From 5a8d2f0fef1fea460fdd3c5f4bb2ffd5196f7ee5 Mon Sep 17 00:00:00 2001
From: Vladimir Alemasov <homewsn.com@gmail.com>
Date: Fri, 23 Feb 2024 12:19:48 +0300
Subject: [PATCH] Update for new firmware versions of sniffer devices

---
 ReadMe.md             | 14 +++++-----
 src/gui/gui_iup.c     |  8 +++---
 src/sniffer_sniffle.c |  2 +-
 src/sniffer_ti2.c     | 63 ++++++++++++++++++++++++++++++++-----------
 src/task.c            |  6 ++---
 5 files changed, 62 insertions(+), 31 deletions(-)

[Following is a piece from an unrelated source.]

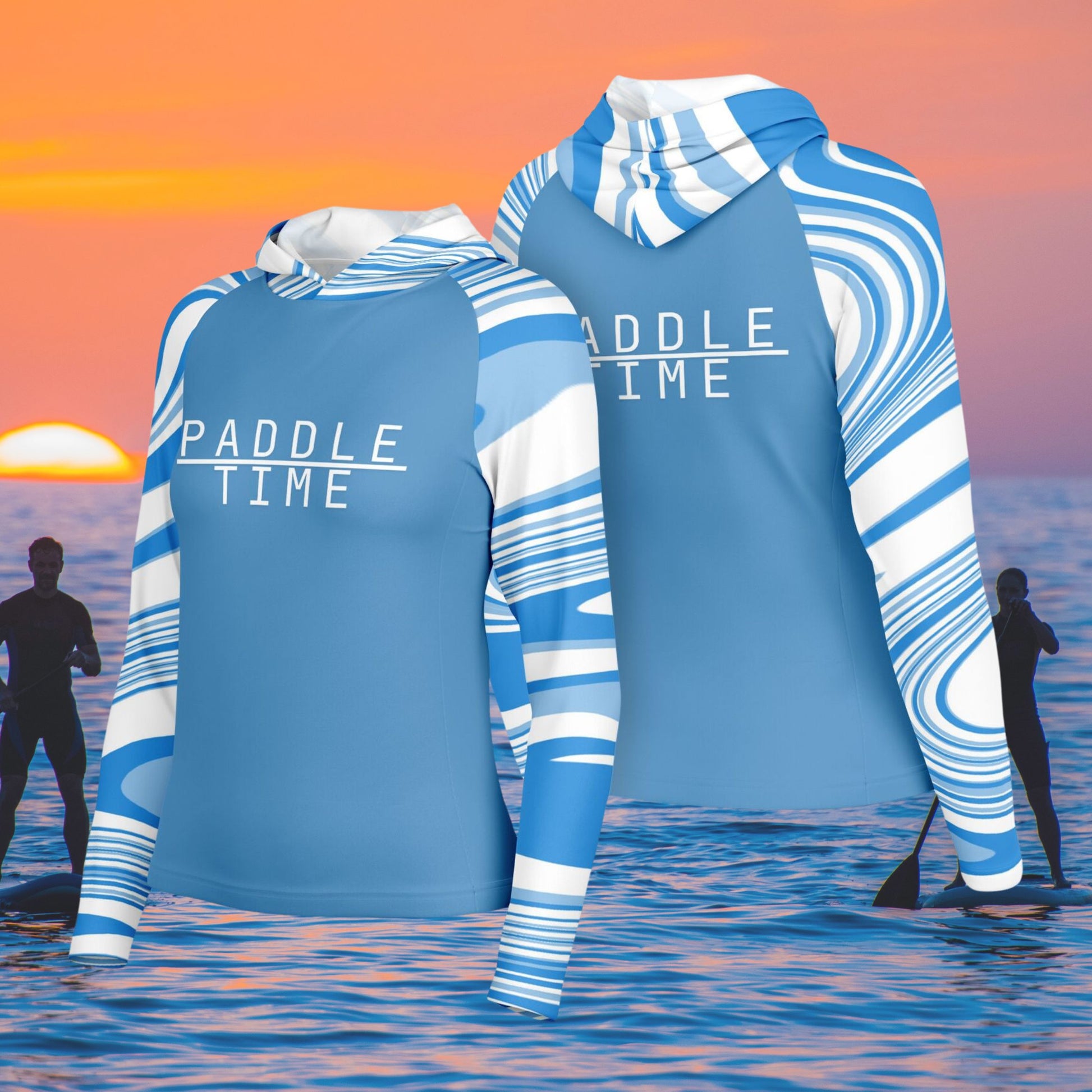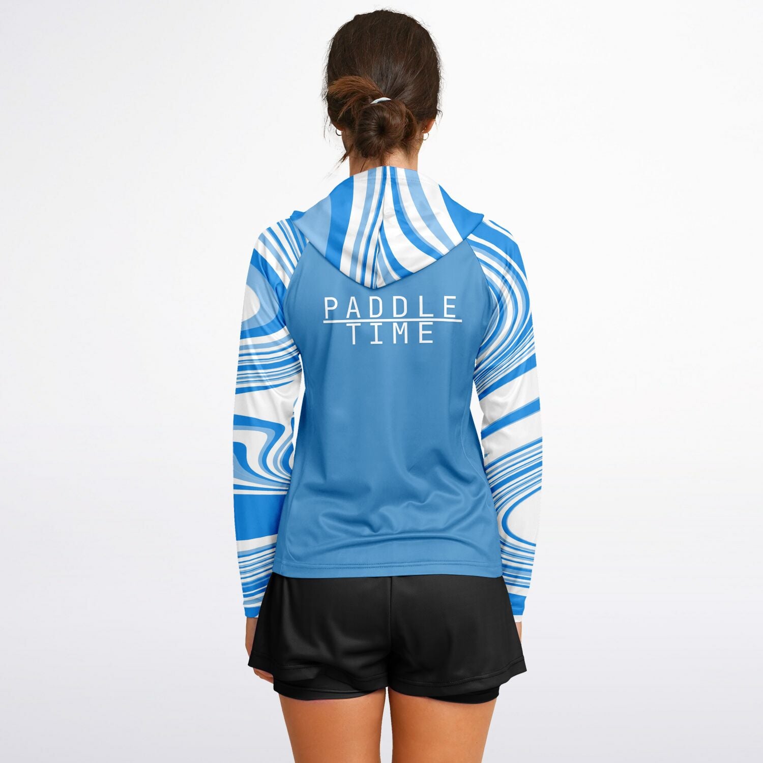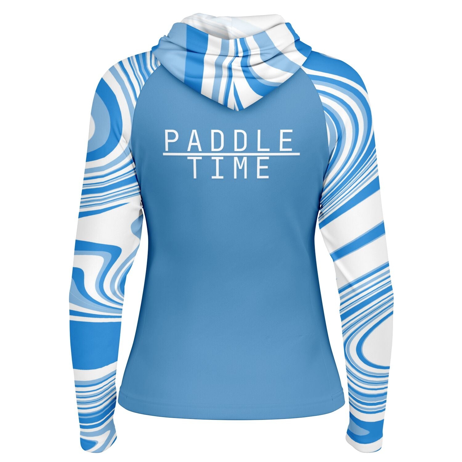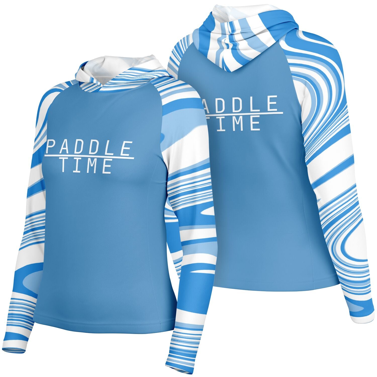 Step up your paddle game and enjoy the outdoors in our lightweight, cooling and dry quick stylish blue and white Paddle Time hooded shirt designed for any active woman.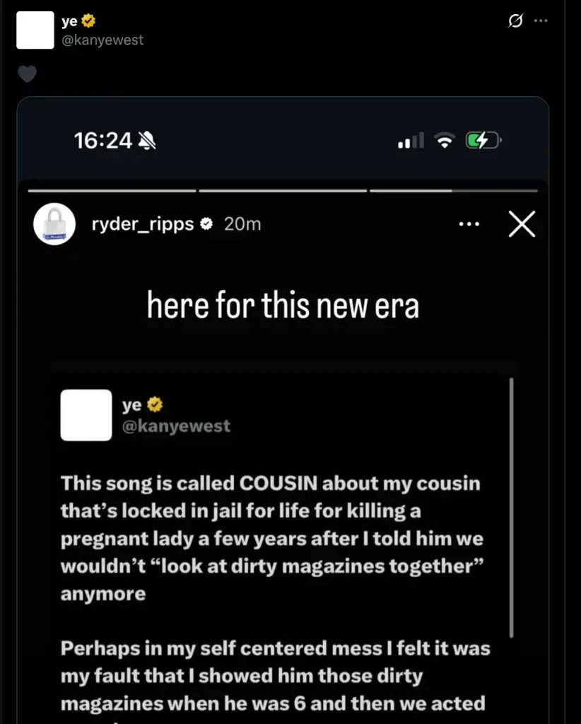 This comes after another post he shared online about concerning remarks he made about a incestous relationship he claimed to have with his male cousin.

diff --git a/ReadMe.md b/ReadMe.md
index 052a2d6..aa6f513 100644
--- a/ReadMe.md
+++ b/ReadMe.md
@@ -18,11 +18,11 @@ Bsniffhub can be used both for working with the BLE sniffers and for decrypting
 Bsniffhub has both a console version and a graphical user interface version, and it can be built for use on Linux or Windows.
 
 #### Supported BLE sniffers:
-* [Sniffle v1.6](https://github.com/nccgroup/Sniffle) by Sultan Qasim Khan from NCC Group
-* [nRF Sniffer for Bluetooth LE v3.x.0 or 4.0.0](https://www.nordicsemi.com/Products/Development-tools/nrf-sniffer-for-bluetooth-le) by Nordic Semiconductor
-* [SmartRF Packet Sniffer 2 v1.9.0](https://www.ti.com/tool/download/PACKET-SNIFFER-2) by Texas Instruments
+* [Sniffle v1.6/v1.7](https://github.com/nccgroup/Sniffle) by Sultan Qasim Khan from NCC Group
+* [nRF Sniffer for Bluetooth LE v3.x.0 or 4.x.x](https://www.nordicsemi.com/Products/Development-tools/nrf-sniffer-for-bluetooth-le) by Nordic Semiconductor
+* [SmartRF Packet Sniffer 2 v1.9.0/v1.10.0](https://www.ti.com/tool/download/PACKET-SNIFFER-2) by Texas Instruments
 
-| Supported features | Sniffle v1.6 | nRF Sniffer v3.x.0 | nRF Sniffer v4.0.0 | SmartRF Packet Sniffer 2 v1.9.0 |
+| Supported features | Sniffle v1.6/v1.7 | nRF Sniffer v3.x.0 | nRF Sniffer v4.x.x | SmartRF Packet Sniffer 2 v1.9/v1.10 |
 | ------ | :------: | :------: | :------: | :------: |
 | PHY 1 Mbps | + | + | + | + |
 | PHY 2 Mbps | + | + | + | - |
@@ -76,9 +76,9 @@ Usage:
 Mandatory arguments for sniffer device input:
   -s <sniffer>       Sniffer device:
                      'N3' - nRF Sniffer v3.x.0
-                     'N4' - nRF Sniffer v4.0.0
-                     'T' - SmartRF Packet Sniffer 2 v1.9.0
-                     'S' - Sniffle v1.6
+                     'N4' - nRF Sniffer v4.x.x
+                     'T' - SmartRF Packet Sniffer 2 v1.9/v1.10
+                     'S' - Sniffle v1.6/v1.7
   -p <serport>       Serial port name
 
 Optional argument for sniffer device input:
diff --git a/src/gui/gui_iup.c b/src/gui/gui_iup.c
index 87a969c..7ee2a8b 100644
--- a/src/gui/gui_iup.c
+++ b/src/gui/gui_iup.c
@@ -87,10 +87,10 @@ static void list_iface_load(void)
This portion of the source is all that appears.